In the introduction to this Firebreak series on how foundations fund activists, I noted there were a wide variety of foundations: from generous endowments to publicly funded humanitarian organizations to donor-advised money mills. Many do due diligence and cooperate with their recipients to ensure that the funds are well used. The money mills, though, just take money from a secret donor or interest group, wash it clean of any fingerprints, and, according to the advice of the donor, pass it on to the targeted recipient (minus a hefty laundering fee for the fund manager).
Donor-advised funds allow activist groups to receive unlimited donations from undisclosed sources. This is important in cases where an NGO, activist, researcher or tort law firm is acting on behalf of the interests of the funders (ie, shilling) and where disclosure of the source might discredit the campaign outcome or reveal a conflict of interest. It allows the NGOs to more easily deceive their public.
This non-disclosure is a sacred part of the donor-advised money mill. If a donor with an interest has no problem having the donation made public, then the funds would be given directly to the recipient rather than paying fees to have the financial source “purified”. It is essentially dark money but unlike mob money in brown envelopes, it is tax deductible. Donor-advised funds are not at all transparent, deceptive and, I would argue, unethical. Since it hides sources of influence, it should be illegal.
In the case of the NGO, US Right to Know, we can also add: hypocritical.
US Right to Dark Money
The US Right to Know NGO grew out of the failed 2014 Just Label It campaign that demanded transparency and openness on GMOs. They campaign for the right to know who is funding research, organizations and lobbying campaigns and spend their research budget trying to expose companies and industry group activities.

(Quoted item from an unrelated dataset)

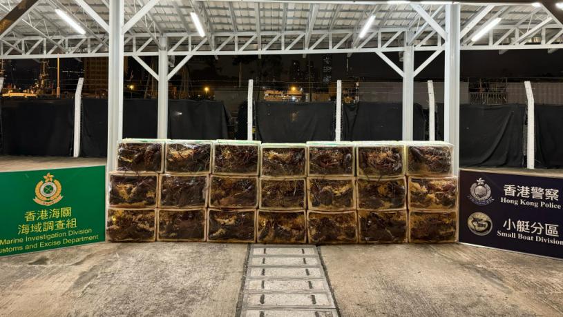 行動中,人員在岸邊檢獲共21箱約417公斤懷疑走私龍蝦及一輛七人車,市值共約32萬元。案件正由海關人員繼續跟進調查。
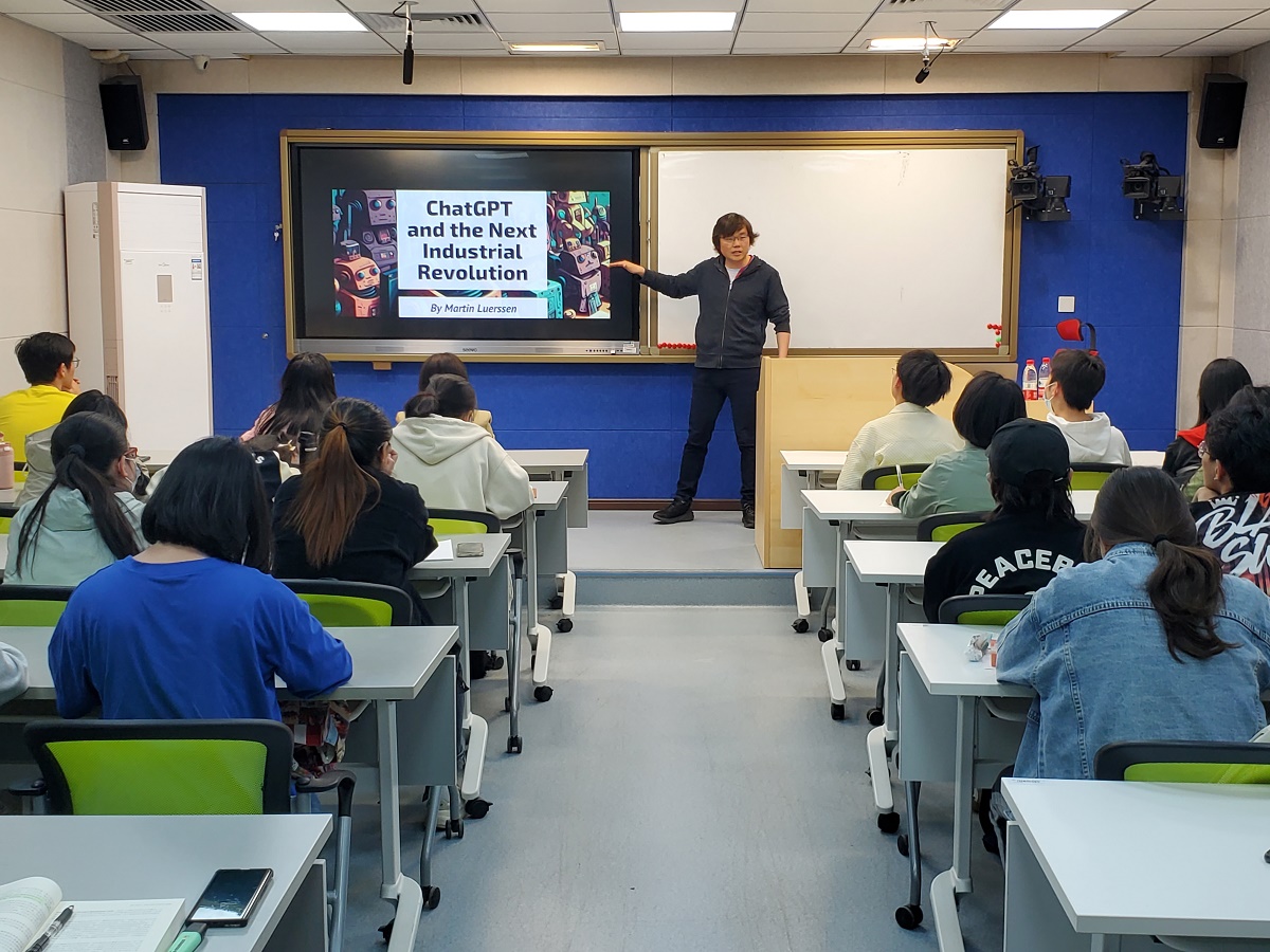 柯罗马老师从ChatGPT、Midjourney等近期热议话题入手,生动形象地对大学生创业的机会、挑战等内容进行了解读,并提出创业趋势的三方面转变:创业方向从互联网转向硬科技;创业主体从草根创业转向高校创新;创业模式从学生单干转向师生共创,给同学们启发了一些新思路。讲座结束后,柯罗马老师与同学们展开了关于创业方向、创业团队建设等多方面的交流。同学们提问踊跃,柯老师一一进行解答,也提出了很多有效建议。活动结束后,很多同学表示意犹未尽,并留下继续咨询。

Their key objective is to destroy corporations, so they have worked intensely with a large number of US tort law firms, especially around the glyphosate lawsuits and the diffusion of the Monsanto Papers.
As they run anti-capitalist, anti-industry campaigns on behalf of their funders, US Right to Know have mostly focused on exposing pesticides, chemicals, food and pharmaceutical industries. They did try to be transparent on their funding at first but received a lot of criticism as most of their funds came from the organic food industry lobby and some anti-vaccine foundations. Now they are pretending to publish their revenue sources, but almost all of it is dark, donor-advised fund money.
In other words, we really don’t know who is now funding this pack of wolves and can only guess according to the campaigns US Right to Know are hired to run. I suspect a lot of money comes from the equally opaque tort law industry, not only in return for the relentless, pro bono support Carey Gillam gave on the glyphosate-Monsanto trials but also for running the recent public outrage grooming campaigns against Coke in the wake of the IARC aspartame cancer study publication.
Could Gary and Stacy be getting Russian money? Who knows. They used to be regulars on Russia Today.
The graphic below shows how dark and cloudy the US Right to Know’s funding has become over the last two years. As they do not have to declare who their actual sources are, it is left to the imagination which interest groups want this “pay-to-slay” NGO to act on their behalf. The one takehome though is that the next time these self-righteous activists cry about undisclosed corporate funding, the word “hypocrite” should be uttered.
If we look at the trends over the last five years, the NGO’s fundraising shifted from mostly public to almost all dark, donor-advised funds. This reflects a general trend in foundation giving and the end of NGOs claiming to operate transparently. Some of their funding though is quite unusual or downright bizarre. For example:
the largest funder this year, the Adadevoh Memorial Fund, is a Nigerian fund named after a heroic doctor who died from Ebola. Why would a Nigerian healthcare foundation be donating to a left-wing American political activist group?
The Centre for Effective Altruism is a controversial donor-advised fund aimed at making young billionaires feel less bad about how they acquired their wealth. As the $200K donated to US Right to Know in 2022 was a one-off along with FTX’s Ryan Salame’s $160K, we can only assume that this is Sam Bankman-Fried cash via the Alameda hedge fund (see image below). SBF spoke glowingly about effective altruism and seemed OK to steal from his hedge fund clients to donate more. (As this is stolen money, if US Right to Know had any integrity, they should give it back to the cheated investors.)
Allison Wilson and Jonathan Latham are anti-biotech campaigners who have never disclosed the sources of their funding.
Three donor-advised funds: Chicago Community Foundation ($150K), San Diego Foundation ($50K) and Community Foundation of Western North Carolina ($10K) are all committed to alleviating poverty and addressing need in their local communities. UK Right to Know does not do this type of work so we can assume they flipped some donors already involved in their communities and decided to leave their donations dark.
So where did the organic food lobby and anti-vax money go in 2023? Given events, the money surely did not run out, but with all of their donor-advised funds, I’m afraid the rest of us have been left in the dark.
We do not have a right to know and now it’s none of your damn business.